EXTRACTED INFORMATION:
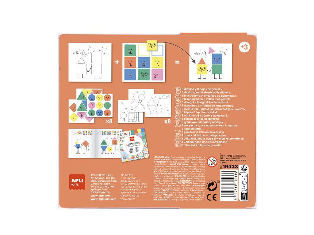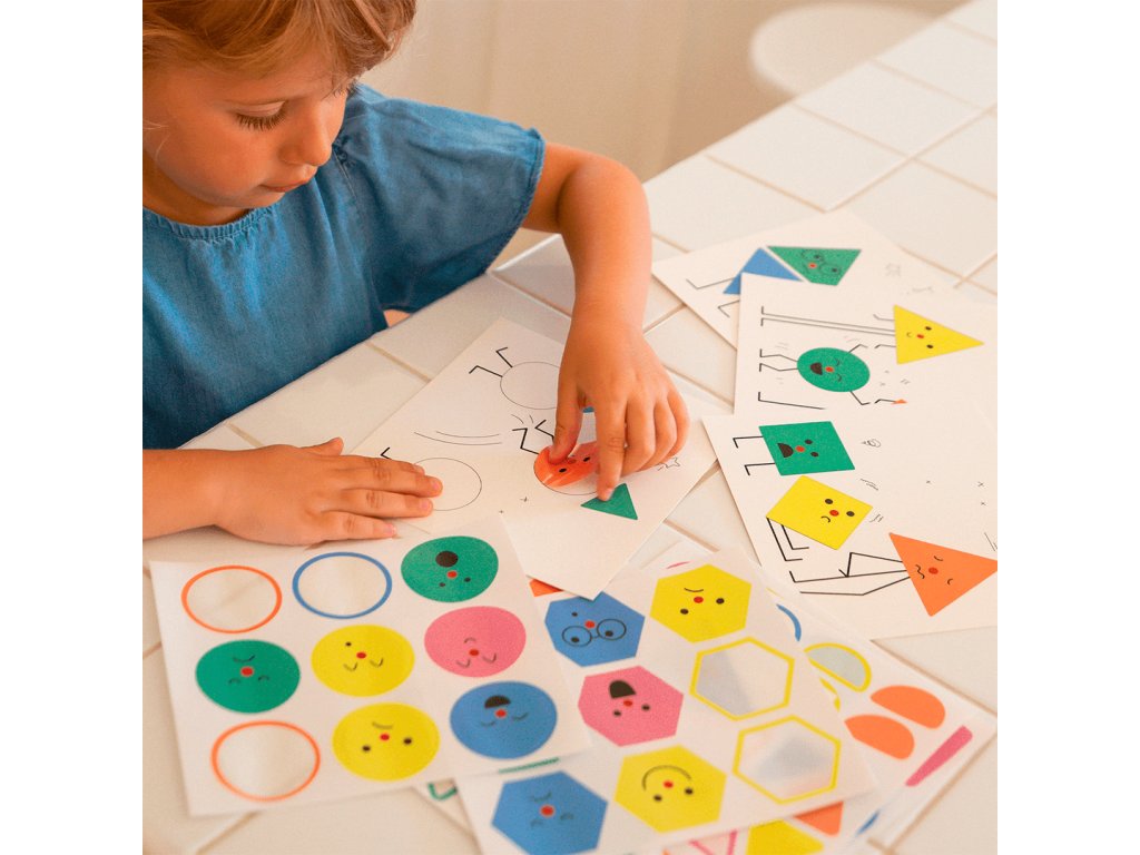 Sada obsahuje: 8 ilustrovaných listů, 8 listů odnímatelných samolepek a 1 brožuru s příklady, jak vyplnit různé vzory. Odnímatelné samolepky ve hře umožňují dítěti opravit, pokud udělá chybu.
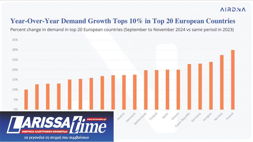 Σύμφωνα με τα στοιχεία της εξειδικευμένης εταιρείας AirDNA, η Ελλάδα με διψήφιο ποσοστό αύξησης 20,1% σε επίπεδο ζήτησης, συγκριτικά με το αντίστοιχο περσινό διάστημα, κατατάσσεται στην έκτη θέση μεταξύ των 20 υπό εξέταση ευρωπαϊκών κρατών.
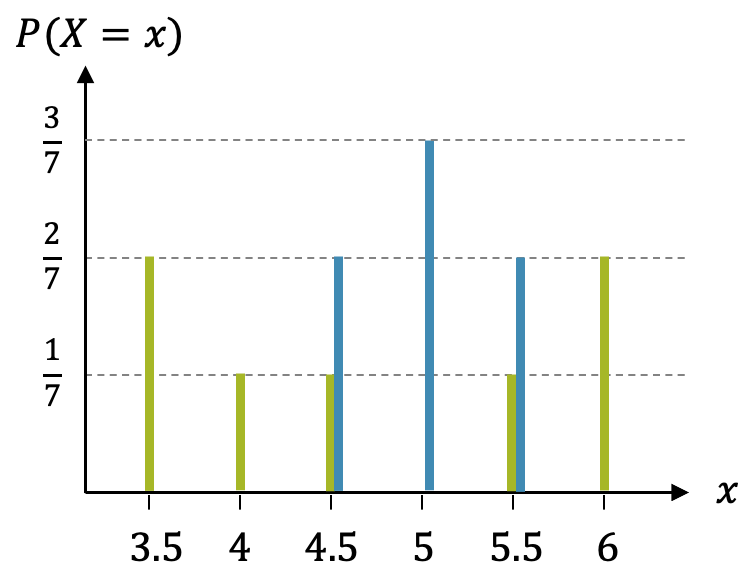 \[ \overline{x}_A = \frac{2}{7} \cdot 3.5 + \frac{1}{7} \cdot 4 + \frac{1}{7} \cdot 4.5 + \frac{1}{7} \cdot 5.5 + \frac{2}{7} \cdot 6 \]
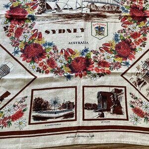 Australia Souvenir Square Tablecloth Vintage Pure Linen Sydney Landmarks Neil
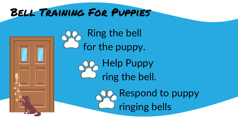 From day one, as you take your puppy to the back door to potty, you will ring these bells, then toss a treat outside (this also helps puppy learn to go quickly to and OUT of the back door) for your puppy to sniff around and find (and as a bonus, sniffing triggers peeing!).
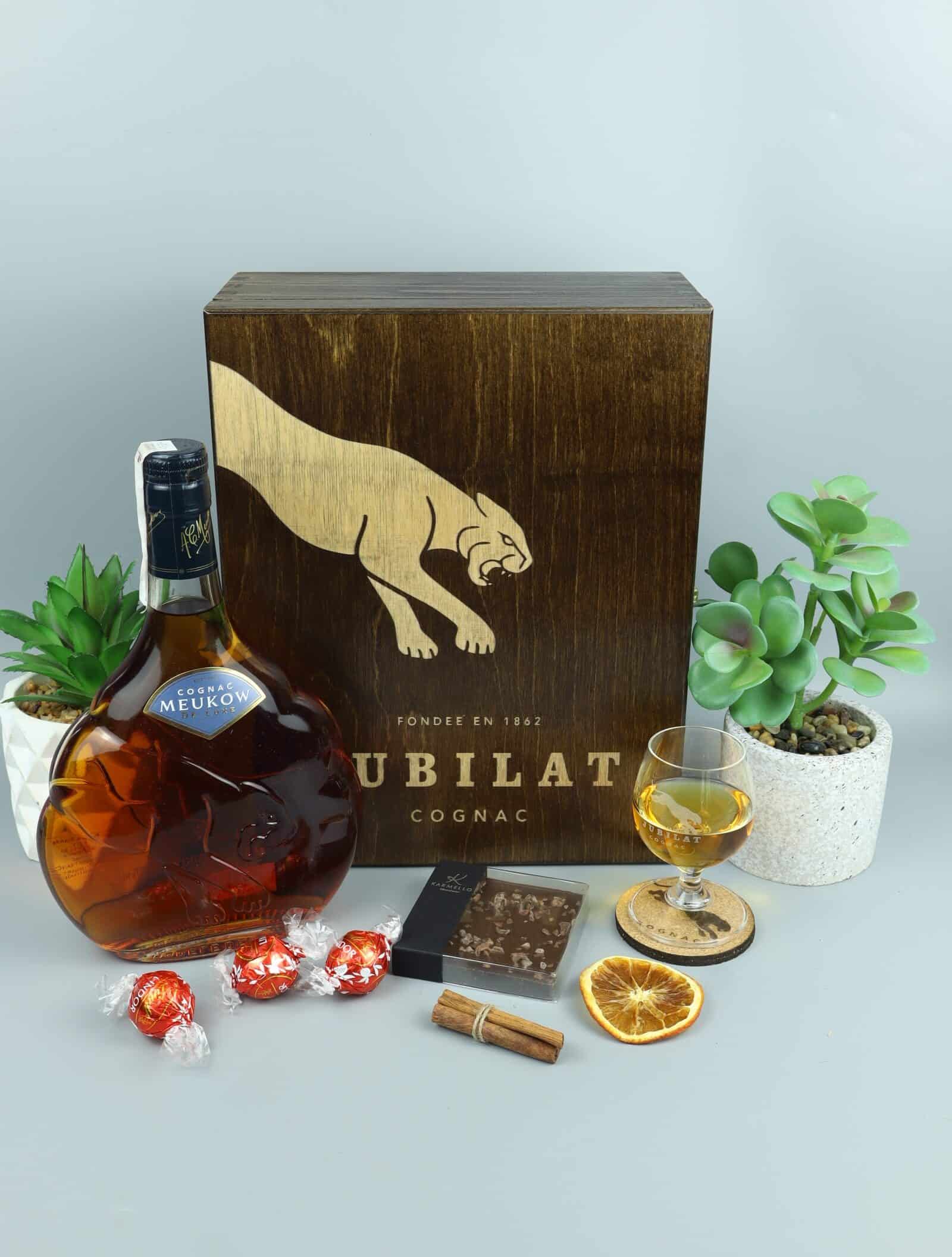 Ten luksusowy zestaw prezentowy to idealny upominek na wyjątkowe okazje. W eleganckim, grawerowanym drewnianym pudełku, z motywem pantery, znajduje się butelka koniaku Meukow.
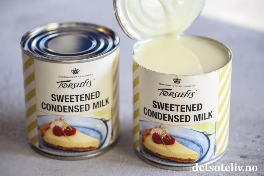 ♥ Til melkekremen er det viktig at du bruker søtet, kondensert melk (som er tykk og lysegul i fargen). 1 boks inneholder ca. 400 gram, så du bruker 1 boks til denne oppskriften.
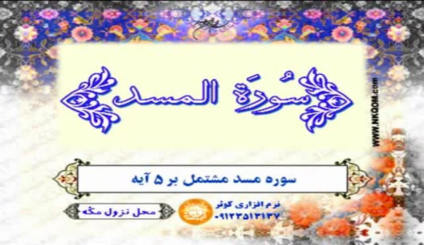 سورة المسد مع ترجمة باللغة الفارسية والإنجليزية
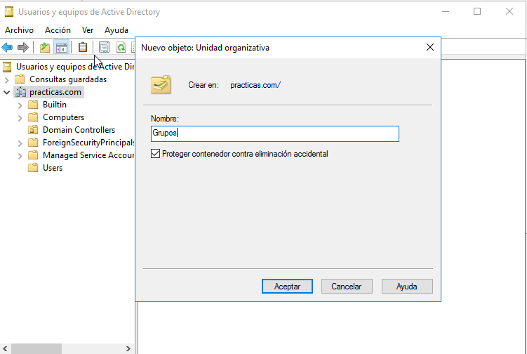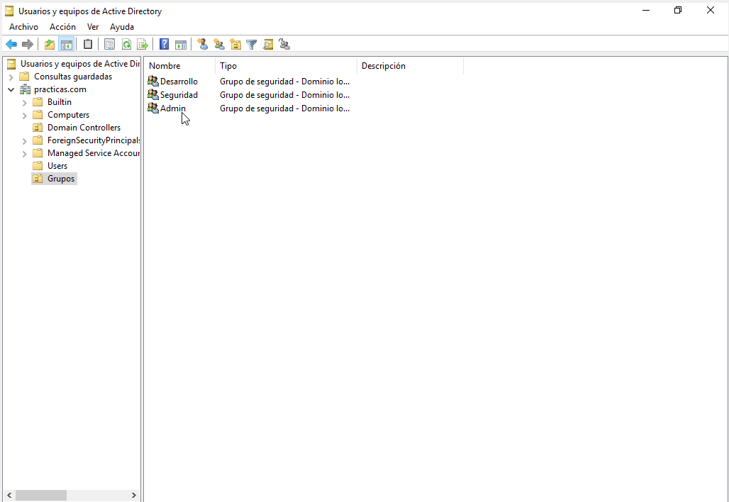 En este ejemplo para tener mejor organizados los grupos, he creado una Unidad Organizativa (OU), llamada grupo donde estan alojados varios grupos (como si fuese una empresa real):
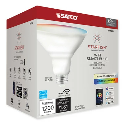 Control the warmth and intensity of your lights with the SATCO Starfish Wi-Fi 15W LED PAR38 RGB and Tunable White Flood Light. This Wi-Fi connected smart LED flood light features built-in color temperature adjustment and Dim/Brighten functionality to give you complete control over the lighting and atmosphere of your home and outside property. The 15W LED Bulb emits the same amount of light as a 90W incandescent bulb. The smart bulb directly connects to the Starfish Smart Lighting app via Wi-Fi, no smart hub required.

HOW TO COMPLETE THIS TASK:
Give back all the data exactly, minus pictures.

SOLUTION:
 Sada obsahuje: 8 ilustrovaných listů, 8 listů odnímatelných samolepek a 1 brožuru s příklady, jak vyplnit různé vzory. Odnímatelné samolepky ve hře umožňují dítěti opravit, pokud udělá chybu.
 Σύμφωνα με τα στοιχεία της εξειδικευμένης εταιρείας AirDNA, η Ελλάδα με διψήφιο ποσοστό αύξησης 20,1% σε επίπεδο ζήτησης, συγκριτικά με το αντίστοιχο περσινό διάστημα, κατατάσσεται στην έκτη θέση μεταξύ των 20 υπό εξέταση ευρωπαϊκών κρατών.
 \[ \overline{x}_A = \frac{2}{7} \cdot 3.5 + \frac{1}{7} \cdot 4 + \frac{1}{7} \cdot 4.5 + \frac{1}{7} \cdot 5.5 + \frac{2}{7} \cdot 6 \]
 Australia Souvenir Square Tablecloth Vintage Pure Linen Sydney Landmarks Neil
 From day one, as you take your puppy to the back door to potty, you will ring these bells, then toss a treat outside (this also helps puppy learn to go quickly to and OUT of the back door) for your puppy to sniff around and find (and as a bonus, sniffing triggers peeing!).
 Ten luksusowy zestaw prezentowy to idealny upominek na wyjątkowe okazje. W eleganckim, grawerowanym drewnianym pudełku, z motywem pantery, znajduje się butelka koniaku Meukow.
 ♥ Til melkekremen er det viktig at du bruker søtet, kondensert melk (som er tykk og lysegul i fargen). 1 boks inneholder ca. 400 gram, så du bruker 1 boks til denne oppskriften.
 سورة المسد مع ترجمة باللغة الفارسية والإنجليزية
 En este ejemplo para tener mejor organizados los grupos, he creado una Unidad Organizativa (OU), llamada grupo donde estan alojados varios grupos (como si fuese una empresa real):
 Control the warmth and intensity of your lights with the SATCO Starfish Wi-Fi 15W LED PAR38 RGB and Tunable White Flood Light. This Wi-Fi connected smart LED flood light features built-in color temperature adjustment and Dim/Brighten functionality to give you complete control over the lighting and atmosphere of your home and outside property. The 15W LED Bulb emits the same amount of light as a 90W incandescent bulb. The smart bulb directly connects to the Starfish Smart Lighting app via Wi-Fi, no smart hub required.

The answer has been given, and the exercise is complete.